Media Literacy Review
Center for Advanced Technology in Education - College of Education - University of Oregon - Eugene
Two New Sites on the World Wide Web
Bill Walsh, Contributing Writer
The Internet is sporting at least two new (very different) Web sites this week as more and more people see the benefits of making access to what they have to say easy and quick. One new site belongs to the Roman Catholic Diocese of Providence; the other is mine. An odd pair, isn't it?
It seems that the recruiting coordinator for the Providence Diocese, the guy in charge of signing up new priests, went out and asked male high school students how the church could reach them. They told Rev. Marcel Taillon that teens do two things: watch cable TV and surf the Internet. So the Diocese immediately started a Web site, and the commercials urging kids to consider the priesthood will be running on MTV and sports channels shortly. Who said that the Catholic Church isn't a good listener?
I checked out their Web site (http://www.catholicpriest.com). It opens with full color pictures of the Bishop and Auxiliary Bishop of Providence, along with a short message about how you can contact them. Then there are seven pages you can click on to find out more about particular items. I chose the FAQ'S (Frequently Asked Questions), and found 33 questions-and-answers about becoming a priest. To the credit of whomever put the page together, the questions are frank and timely, much like those real teenagers ask. The answers, too, are honest and straightforward.
"What does a priest do all day?" "How long does it take to become a priest?" "What kind of grades do you need in the seminary?" "How much does the priesthood pay?" These are questions which are asked - and answered - on the Web site. There are other pages about the seminary, vocation ministry, and events in the Diocese.
My own Web site (http://users.massed.net/~wwalsh/) isn't about trying to attract students to the vocation of teaching, but it is designed to try to make their job as students easier, give them fewer possible excuses for not being prepared in class, put the best research tools in the world at their fingertips, and make them more at home on the Internet.
Although there's no picture of me (!), there is a section for each class I'm teaching, with a class calendar, course description, and official proficiencies for each one. There are also links to various sites which focus on media literacy, American literature, grammar, SAT preparation, scholarship information, the Town of Billerica, and even to my e-mail address. Sitting in front of a computer at home, at school, or anywhere else, a student can find out tomorrow's assignment, see when the next test is, register for SAT's, apply for a scholarship, look up something in an encyclopedia or dictionary, or even ask the teacher a question.
That being said, I hasten to point out that the site is still "under construction," not very fancy, and certainly not the only one of its kind in the Billerica School System.

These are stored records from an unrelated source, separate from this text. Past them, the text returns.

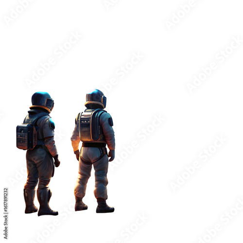 Astronauts cityscape a glimpse into the future isolated on transparent background PNG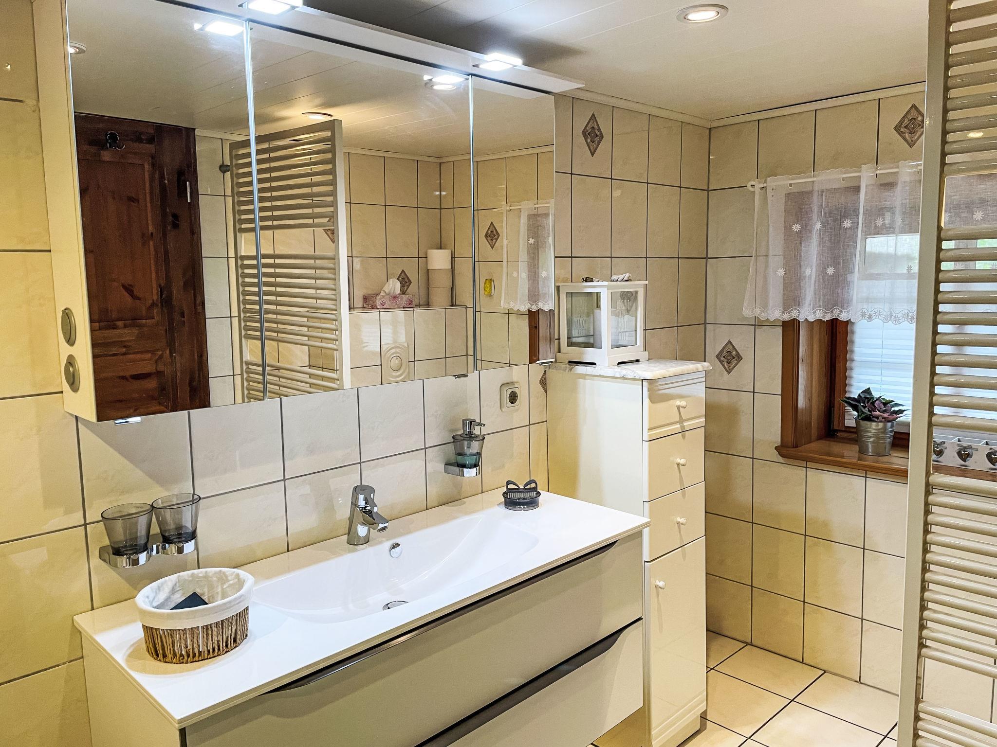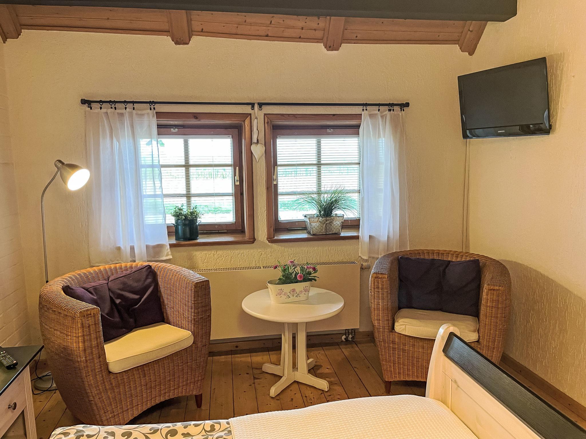 3-room granny flat 90 m2, on the ground floor. Living/dining room with satellite TV (flat screen). 1 room with 1 double bed (180 cm, length 200 cm), bath/WC and satellite TV (flat screen). 1 small room with 1 french bed (140 cm, length 200 cm), satellite TV (flat screen). Kitchenette (oven, dishwasher, 4 ceramic glass hob hotplates, freezer, electric coffee machine). Electric heating. Patio. Deck chairs (2). Facilities: children's high chair. Internet (WiFi, free). Please note: suitable for families. Maximum 1 pet/ dog allowed. Private entrance. Attention: when booking as a tradesman, a maximum of 2 people are allowed.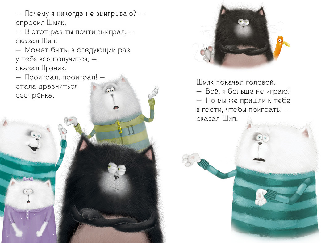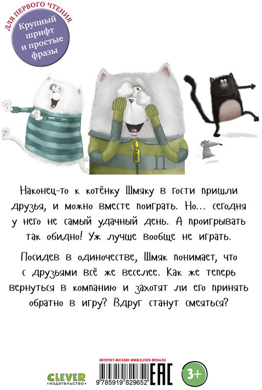 В данный момент этот товар отсутствует в продаже. Возможно, у нас найдется аналогичный или похожий товар здесь. Наконец-то к котёнку Шмяку в гости пришли друзья, и можно вместе поиграть. Но... сегодня у него не самый удачный день. А проигрывать так обидно! Уж лучше вообще не играть. Посидев в одиночестве, Шмяк понимает, что с друзьями всё же веселее. Как же теперь вернуться в компанию и захотят ли его принять обратно в игру? Вдруг станут смеяться?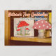 Add a touch of whimsy to your correspondence with this charming vintage-inspired postcard featuring handcrafted mushroom decorations nestled on a rustic wooden shelf – perfect for nature lovers and collectors of quaint home decor.
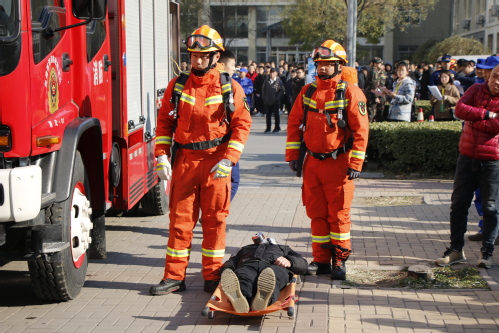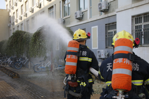 为深入推进我校消防安全宣传教育活动,切实增强师生消防安全意识和自防自救能力,检验学校微型消防站和志愿消防队应急能力和各部门在突发火情中的协调能力,11月28日中午,以学校西苑7号学生公寓一宿舍使用违禁电器引发火情为假设,我校联合西青区精武消防中队,组织学生、宿舍管理员、学校微型消防站和志愿消防队开展了消防应急疏散活动。校党委副书记胡英江出席,党委学生工作部部长范甜、党委安全工作部部长邓一泉和相关部门领导参加了演练,400余名学生进行了现场观摩。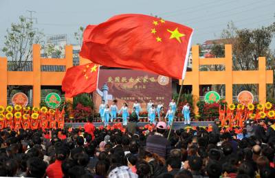 > (请签发至明日一版)图为黄冈大别山旅游节开幕式爱国歌曲大家唱现场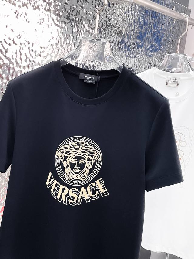 Versac 2025Ss new short-sleeved crew neck T-shirt, custom-made from mercerized cotton, with a simple and elegant design. The double beauty head design on the chest, coupled with superb craftsmanship, creates a low-key luxury with a soft and comfortable feel. The exquisite seams and workmanship are top-notch, making it a must-have for stylish men. Sizes: M-3Xl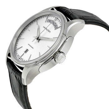 Stainless steel case with a black leather strap. Fixed stainless steel bezel. Silver dial with luminous silver-tone dauphine-style hands and index hour markers. Minute markers around the outer rim. Dial Type: Analog. Luminescent hands and markers. Date display above the 6 o'clock position. Day of the week display centered on the 12 o'clock position. Hamilton calibre H-40 automatic movement, containing 25 Jewels, bitting at 21600 vph, and has a power reserve of approximately 80 hours. Scratch resistant sapphire crystal. Pull / push crown. Transparent case back. Round case shape. Case size: 40 mm. Case thickness: 12 mm. Band width: 20 mm. Tang clasp. Water resistant at 50 meters / 165 feet. Functions: date, day, hour, minute, second. Jazzmaster Series. Dress watch style. Watch label: Swiss Made. Hamilton Jazzmaster Automatic Silver Dial Men's Watch H32505751.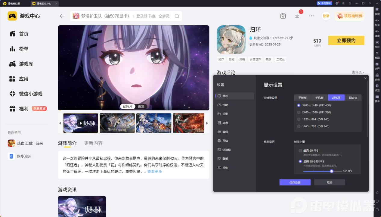 想要完美适配游戏画质、提升操作手感,雷电模拟器是不二之选。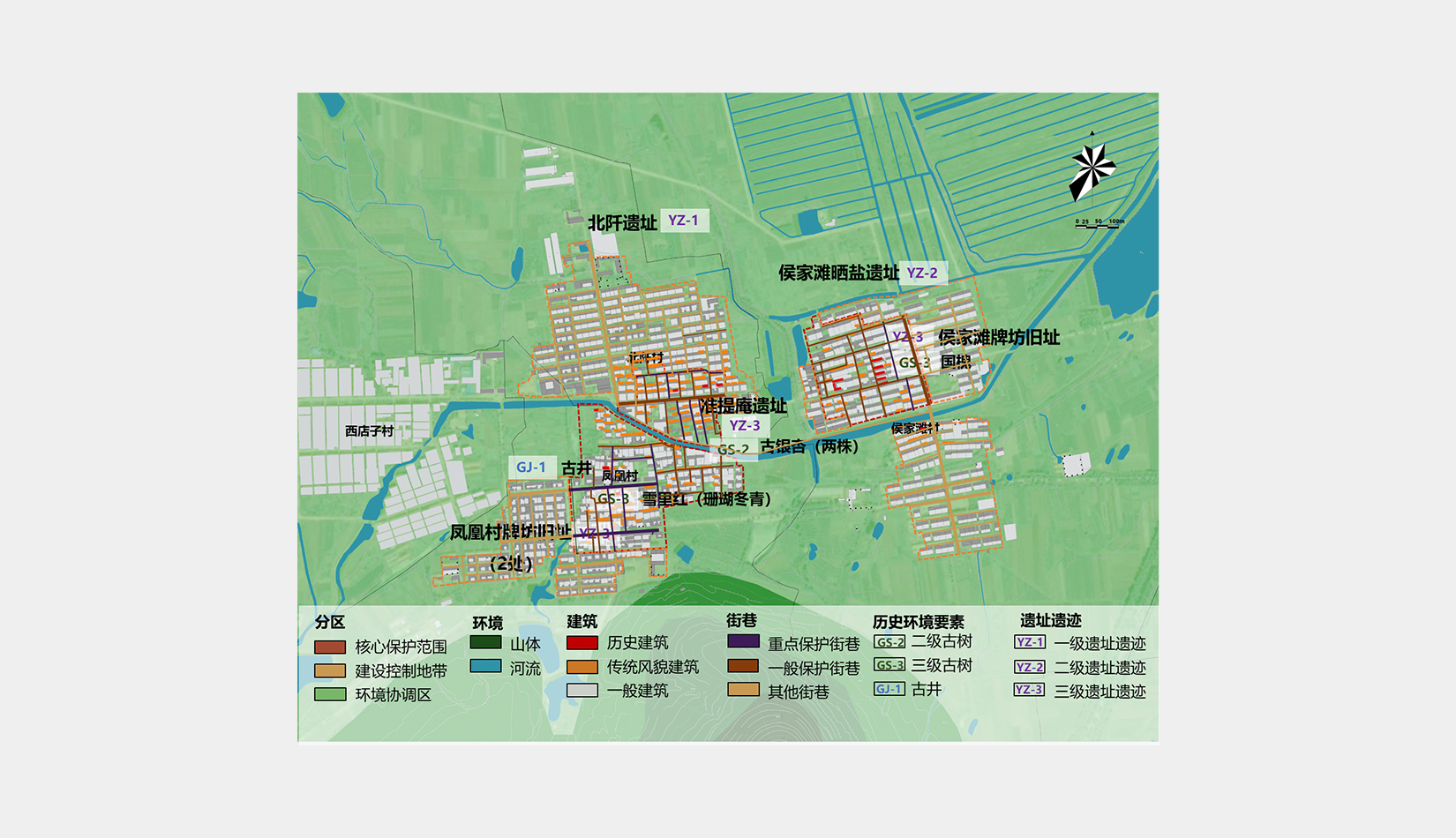 金口村保護(hù)規(guī)劃總圖分為五級:分區(qū)保護(hù)、建筑保護(hù)、街巷保護(hù)、歷史環(huán)境要素保護(hù)、遺址遺跡保護(hù)。
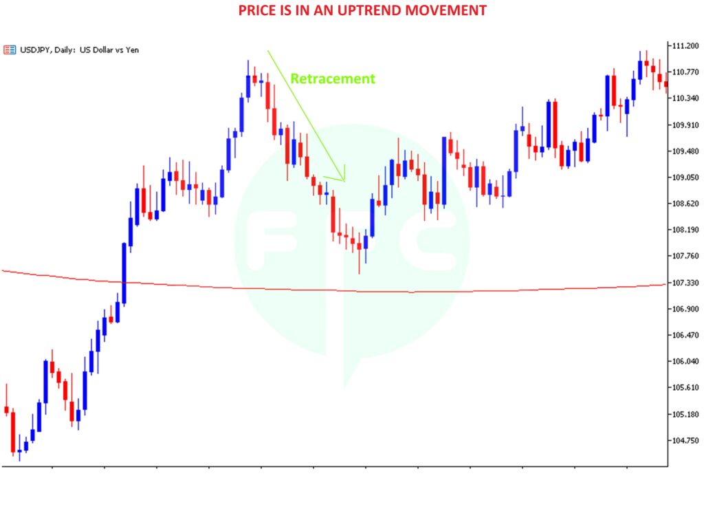 For an uptrend, a retracement occurs when price is moving up, then pulls back down for a short time and later continues in its initial direction. That pullback to the downside is a retracement.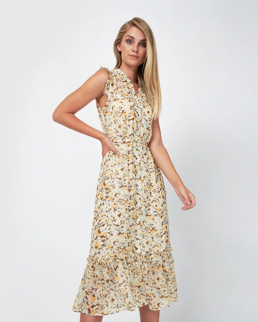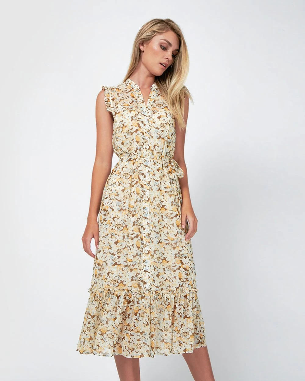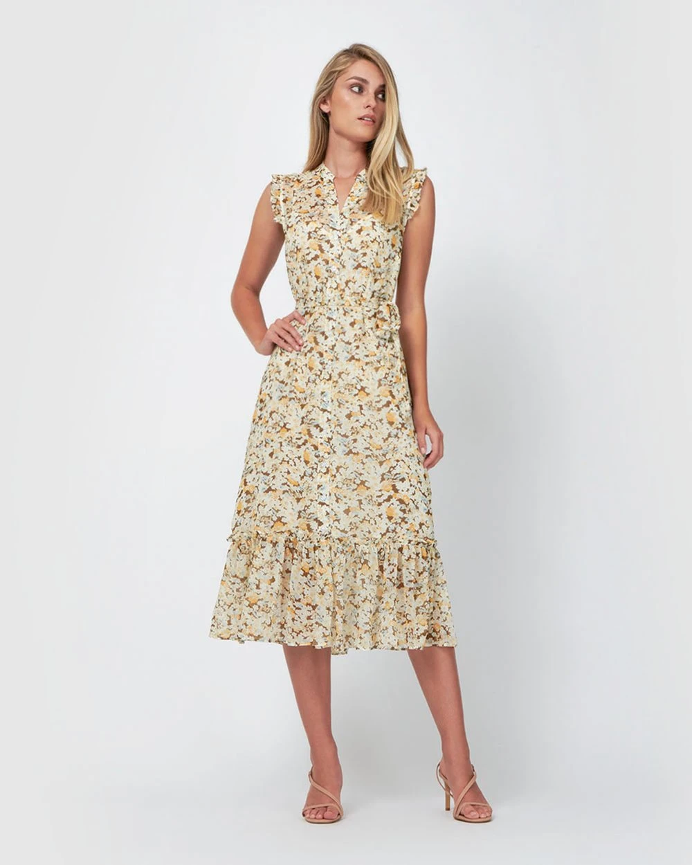 The Sabine Tie Waist Dress by Forcast is a soft and feminine style, making it the perfect dress to have in your wardrobe this season. Featuring soft ruffle detail and a tie waist belt, this effortless style will take you through the day with ultimate class and elegance. Complete the look and team with simple mules.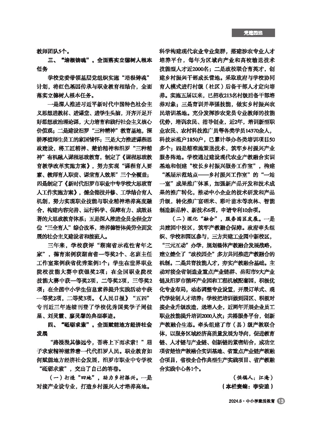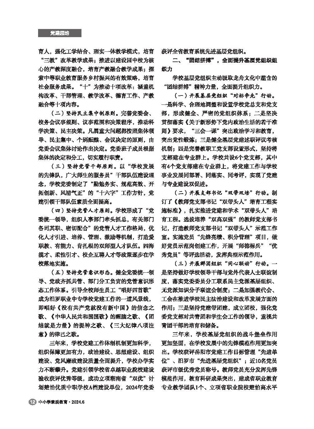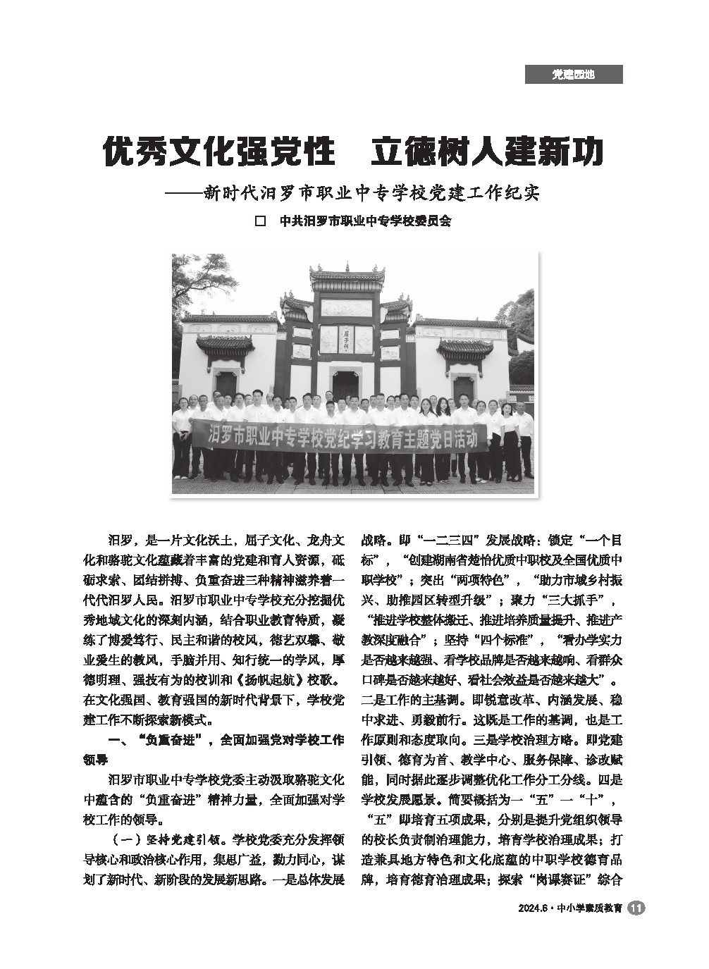 【2024年第6期】优秀文化强党性 立德树人建新功——新时代汨罗市职业中专学校党建工作纪实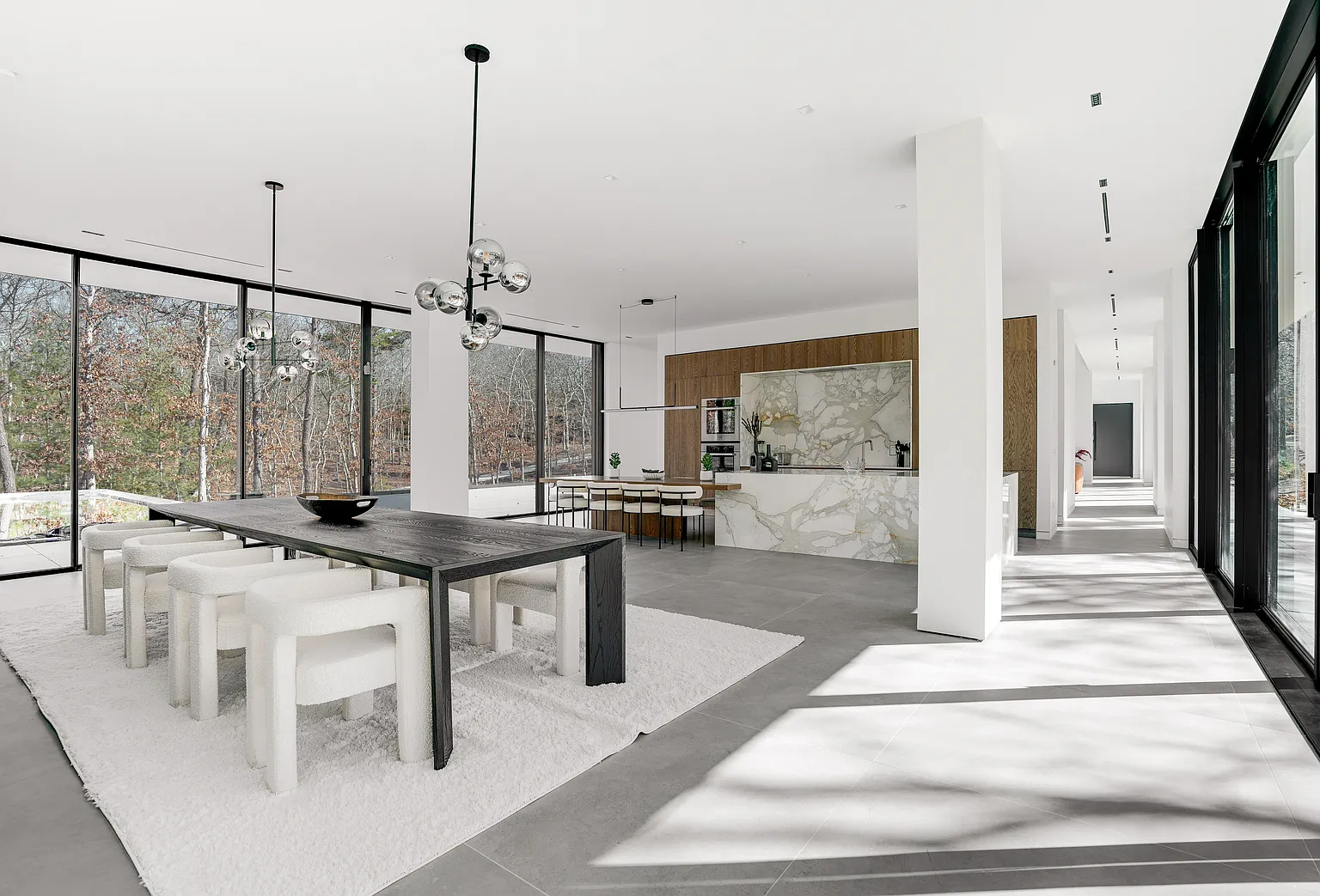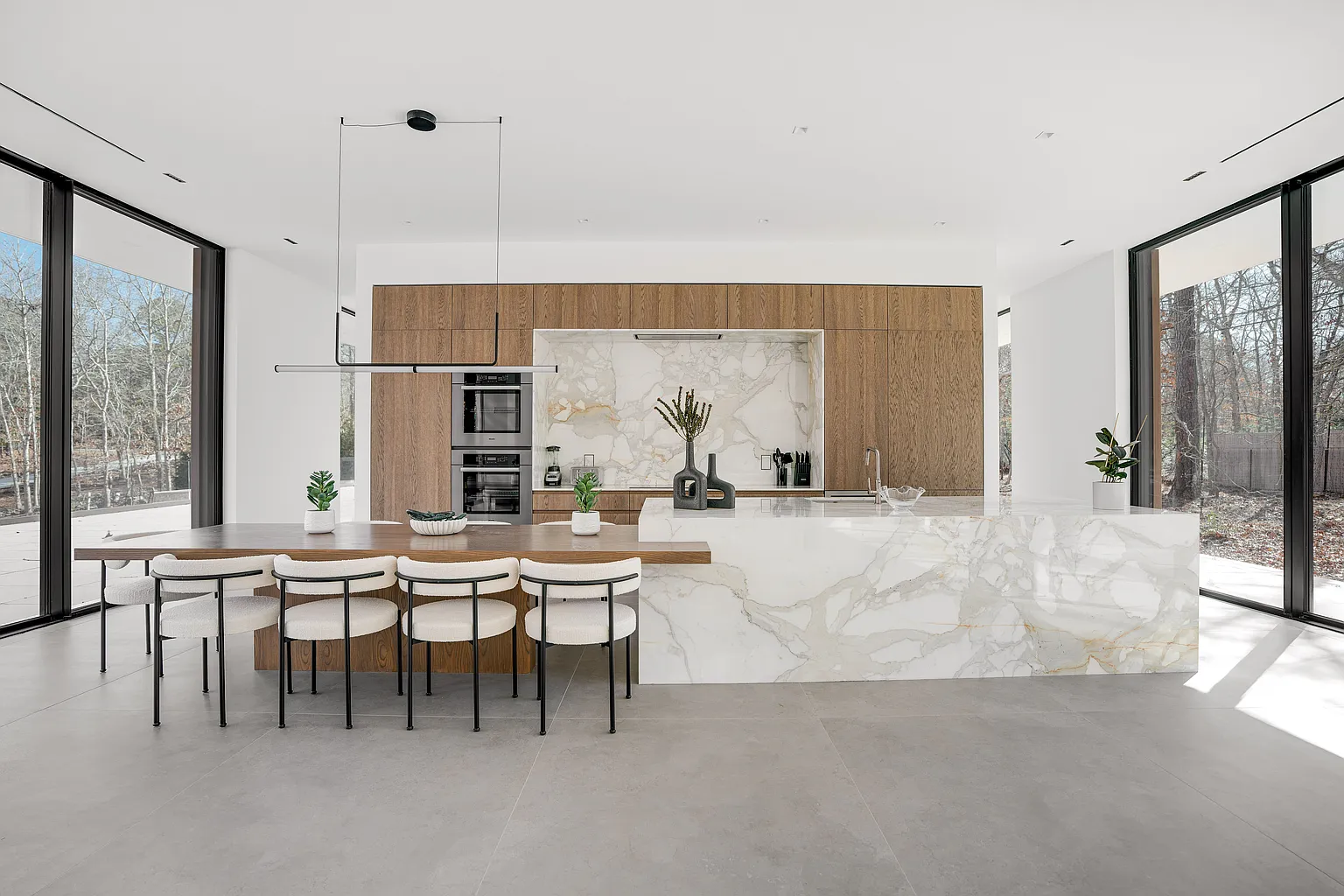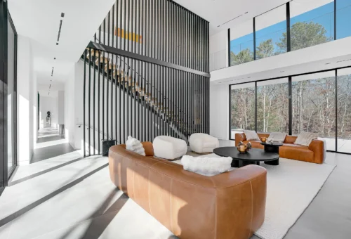 Where luxury meets sustainability, this home boasts solar panels, energy-efficient windows, and high-quality materials. Inside, you’ll find seven beautifully appointed bedrooms and seven bathrooms, each showcasing exquisite Italian design. The heart of the main floor is highlighted by a striking 22-foot marble fireplace, surrounded by a kitchen equipped with Italian oak cabinetry, sleek marble countertops, and top-of-the-line Miele appliances. The lower level is a haven of amenities, including a wellness center complete with a gym, sauna, and hammam, along with a lounge featuring a wet bar. The outdoor areas are equally captivating, featuring an infinity-edge pool, sundeck, and expansive terraces that offer stunning views of the picturesque landscape. Whether hosting gatherings or enjoying peaceful solitude, this home perfectly harmonizes luxury and nature.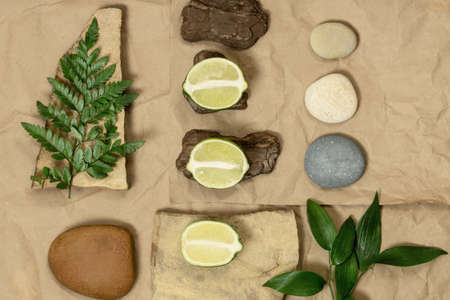 Creative layout of geometry from nature of materials, craft paper, wood, stone with fern leaves. Flat lay. A place for any products.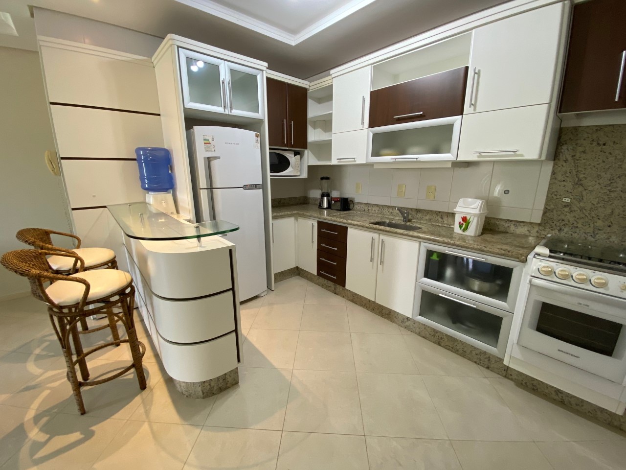Ar Condicionado, TV a cabo, Internet WIFI, Churrasqueira, Microondas, Geladeira, Fogão, Forno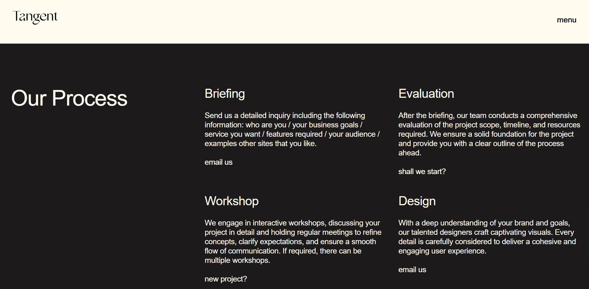 By implementing the new brand identity and website copy, Tangent Studio achieved significant results in a relatively short period. They successfully reached a wider audience, including big brands, startups, and individuals, positioning themselves as a versatile and approachable digital agency. Tangent Studio's increased brand recognition and credibility led to a surge in inbound inquiries and client acquisitions from various sectors.

When I mentioned my little project to a high-ranking school administrator, he said that he thought that in the future, every teacher would have a Web site along some of the same lines.
It's axiomatic to say that media is about communicating with people. And that the best way to communicate with people is to communicate with them where they are, where they spend their time, and where they're comfortable. It's also important to make that communication as easy for the recipient as possible - that's why we get newspapers delivered to our doorsteps, TV news brought into our living rooms, and Web sites just a few keystrokes away.
As it gets easier and easier to develop Web sites (it's now so easy, even an English teacher can do it!), we're going to see more and more organizations and individuals turn to the Internet to get their message across. We're not talking cutting-edge technology here, nor even complicated or esoteric content. Whether it's a church in Rhode Island looking for priests or an English teacher in Billerica making assignments and research tools easier to access for students, the fact that these very ordinary, very diverse, and very non-technical matters are finding a home on the World Wide Web signals a dramatic change in the way we're communicating today.
If it can be said that years ago we witnessed the birth of the Information Age, perhaps today we're seeing it come of age. First came the high-tech folks putting stuff up on the Internet. Shortly thereafter, regular people like you and me learned how to receive those media messages. Slowly but surely, we're now learning how to construct our own - to be the designers and hosts of Web sites as well as simply readers of them.
It's the difference between learning how to read and learning how to write, the difference between watching TV and shooting your own video. As more and more of us learn how to write and design pages for the World Wide Web, media literacy continues to grow.
Maybe I'll even include a link on my site to the priests at the Diocese of Providence. After all, there may be more than one way to pass English.
Bill Walsh is the A/V Media Specialist at Billerica High School, Billerica, MA.